[Data items]
== Segment start ==

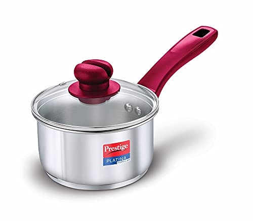 Prestige Platina Popular Stainless Steel Gas and Induction Compatible Sauce Pan with Glass Lid, 160 mm
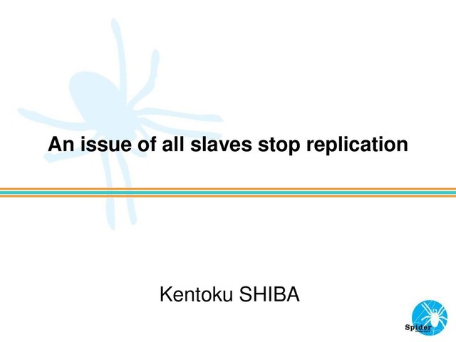 from master when reading data from binary log: 'unknown error reading log event on the master; the first event 'binlog.004215' at 8610479, the last event read from './binlog.004226' at 154, the last byte read from './binlog.004226' at 154.‘”. We can see this error by “show slave status”. - When you execute “START SLAVE”, position slightly advances and replication stops with the same error again. - Recovery by executing “START SLAVE” on the slaves after binary log rotation on the master. - No HW error, Not disk full. Abstract of the issue
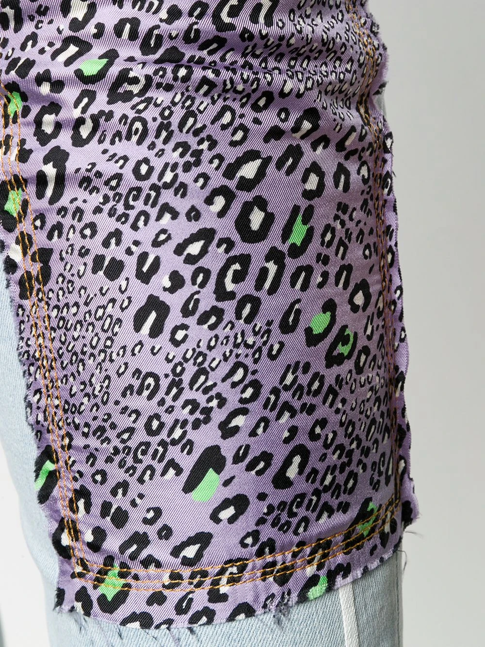 Design patchwork, imprimé Barocco signature, coupe droite, fermeture à zip et boutons sur le devant, taille mi-haute, 5 poches classiques, passants de ceinture.
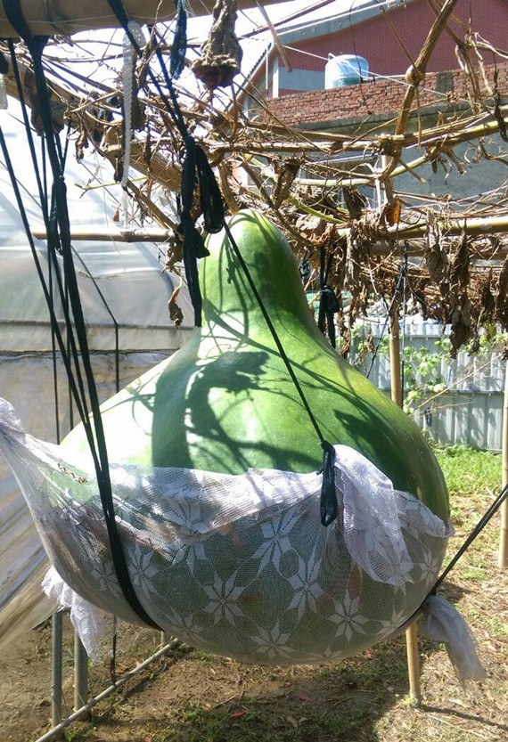 臺灣苗栗縣農民徐滄浩專門種植大南瓜,素有“南瓜王子”稱號,今年改種瓠瓜,種出的瓠瓜腰圍竟也寬達186厘米,附近居民嘖嘖稱奇。臺灣“中央社”/記者管瑞平攝
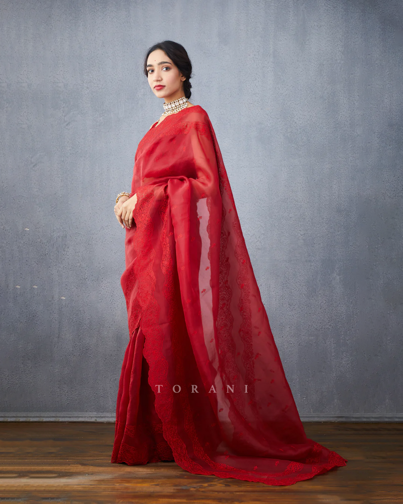 The Surkh Nida Blouse features a sumptuous net fabric combined with intricate Hand Embroidery. Its bold Red color is sure to make a statement. Perfect for formal occasions, this beautiful blouse brings out the best of modern elegance.

== Segment end ==

If pictures appear among the records, do not carry them over; retype the rest exactly.

 Prestige Platina Popular Stainless Steel Gas and Induction Compatible Sauce Pan with Glass Lid, 160 mm
 from master when reading data from binary log: 'unknown error reading log event on the master; the first event 'binlog.004215' at 8610479, the last event read from './binlog.004226' at 154, the last byte read from './binlog.004226' at 154.‘”. We can see this error by “show slave status”. - When you execute “START SLAVE”, position slightly advances and replication stops with the same error again. - Recovery by executing “START SLAVE” on the slaves after binary log rotation on the master. - No HW error, Not disk full. Abstract of the issue
 Design patchwork, imprimé Barocco signature, coupe droite, fermeture à zip et boutons sur le devant, taille mi-haute, 5 poches classiques, passants de ceinture.
 臺灣苗栗縣農民徐滄浩專門種植大南瓜,素有“南瓜王子”稱號,今年改種瓠瓜,種出的瓠瓜腰圍竟也寬達186厘米,附近居民嘖嘖稱奇。臺灣“中央社”/記者管瑞平攝
 The Surkh Nida Blouse features a sumptuous net fabric combined with intricate Hand Embroidery. Its bold Red color is sure to make a statement. Perfect for formal occasions, this beautiful blouse brings out the best of modern elegance.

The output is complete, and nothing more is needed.